O ex-vereador apresentou provas na ação popular de que o Diário de Obras da construtora apresentava irregularidades, com o lançamento de serviços em datas aleatórias. "Chegaram a lançar a reforma do telhado em dias de chuva, enquanto que sabe-se muito bem que não há como lidar com telhas de barro molhadas em tempos chuvosos", alertou o ex-vereador Bitencourt.
Segundo a sentença judicial, a Prefeitura Municipal de Sorocaba confessou ter ocorrido erro no preenchimento do Diário de Obras e apontou a "ingenuidade" do funcionário da construtora que fez as anotações. A alegação não foi bem recebida pela juíza, que reagiu na sentença: "Aqui não há que se falar em boa-fé, mas em descuido no trato da coisa pública, descaso no acompanhamento e fiscalização do serviço". E ainda frisou: "Contrariamente do que alega a contestante Prefeitura, o 'defeito' do 'Diário de Obras' não é irrelevante, é grave, tanto é que se as anotações tivessem sido realizadas nos dias correspondentes, talvez nenhuma suspeita fosse levantada quanto às irregularidades do processo de licitação.
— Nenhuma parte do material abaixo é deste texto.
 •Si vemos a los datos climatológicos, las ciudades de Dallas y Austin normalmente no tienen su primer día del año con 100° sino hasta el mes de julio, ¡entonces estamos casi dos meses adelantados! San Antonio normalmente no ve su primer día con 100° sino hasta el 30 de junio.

Porém, os fatos indicam que as obras objeto de contrato de reforma e adaptação da capela e anexos da policlínica tiveram início um mês antes da assinatura do contrato".
A juíza conclui que, "houve, portanto, lesão presumida ao erário público (art. 10, VIII, da Lei n.º 8.429/92), tendo os réus agido com descaso no trato da coisa pública, restando evidente que o contrato para a reforma da capela e anexos da Policlínica foi realizado para que a ré Construtora Sorocaba Ltda. fosse a vencedora, tanto é assim que ela deu autorização para o início das obras um mês antes da assinatura do contrato, ou seja, em 17/02/1999".
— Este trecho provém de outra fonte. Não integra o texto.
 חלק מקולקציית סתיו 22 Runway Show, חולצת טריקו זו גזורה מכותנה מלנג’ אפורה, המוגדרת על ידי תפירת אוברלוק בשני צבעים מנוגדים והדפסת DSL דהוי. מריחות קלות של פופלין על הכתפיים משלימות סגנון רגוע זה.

A juíza fez constar ainda que "o perito judicial informou, além dos indícios encontrados nos documentos do processo, que parte dos serviços objeto do contrato não foram realizados, conforme se vê da resposta do quesito n.º 05 do autor (fls. 477)". Também determinou que, após o trânsito em julgado do processo, cópias dos documentos sejam encaminhadas ao Ministério Público Criminal e da Cidadania "para apuração de eventual crime de fraude à licitação e improbidade administrativa, respectivamente".
Envolvidos respondem
A Construtora Sorocaba, consultada pela reportagem, informou que deverá aguardar ser comunicada oficialmente da decisão para, só depois, se manifestar a seu respeito.
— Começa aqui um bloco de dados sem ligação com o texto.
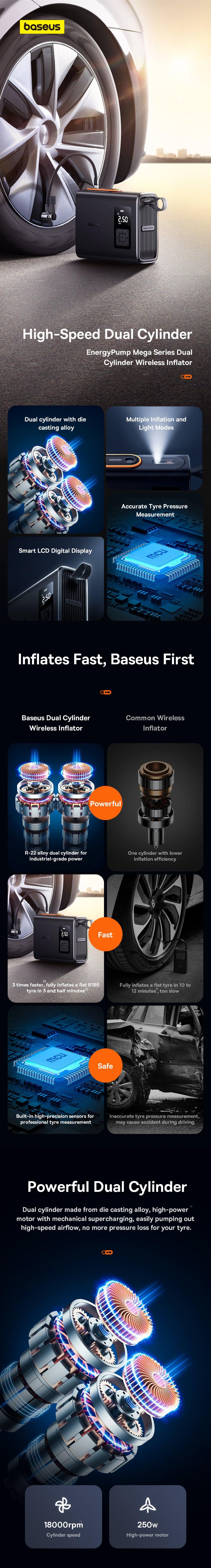Baseus Tyre Inflator Portable Car Air Compressor 250W Dual Cylinder Pump 6000mAh
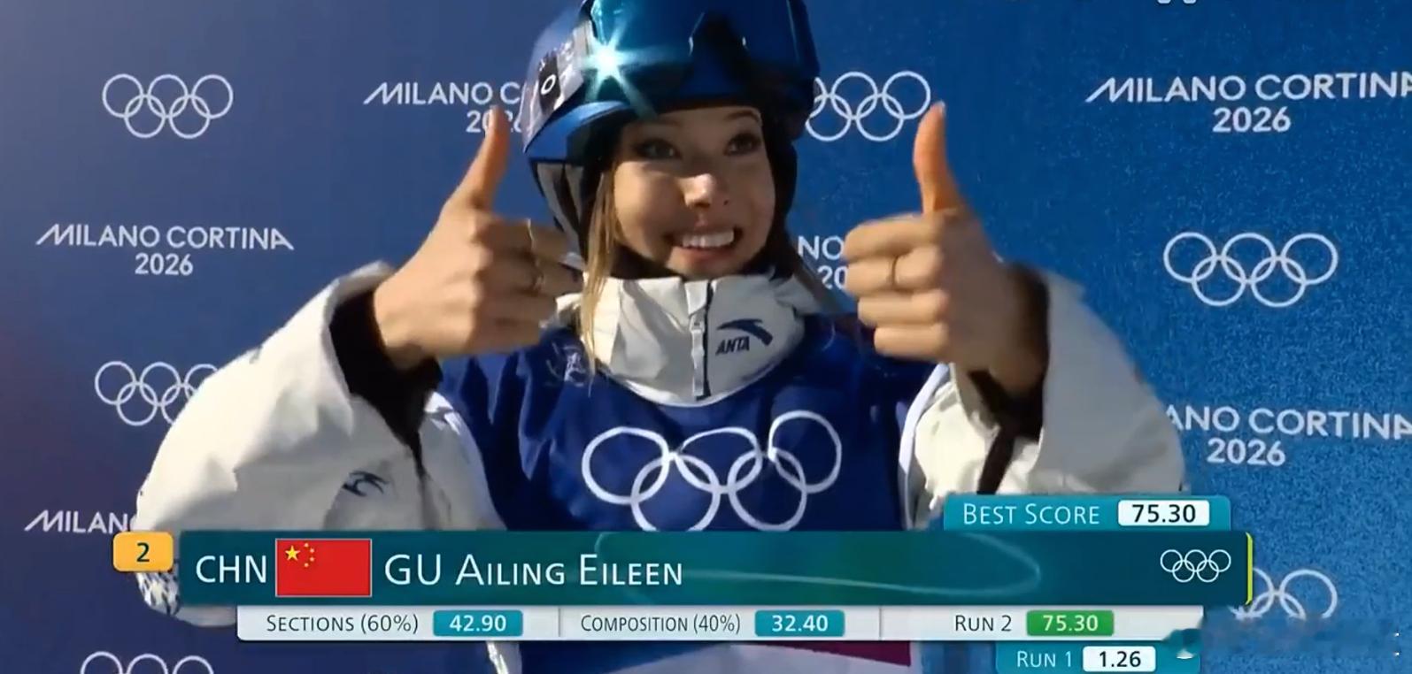 谷爱凌第二轮赛段分数拿到了42.90分,编排组合32.40分,合计总分75.30分!即时排名升到了第二位!

O ex-prefeito Renato Amary divulgou, por sua assessoria, nota em que declara que apesar de não concordar, respeita a decisão judicial. "Estaremos entrando com os recursos cabíveis junto ao Tribunal de Justiça, pois entendemos que todos os procedimentos administrativos foram realizados dentro da legalidade", afirmou.
Já a Prefeitura lembra que a decisão da juíza Ana Maria Baldy é de primeira instância e que, por isso, dela cabe recurso que será apresentado.
Continua o comunicado afirmando que, apesar da posição tomada, "é importante informar que a administração agiu dentro do que determina a legislação no processo envolvendo a reforma da Policlínica".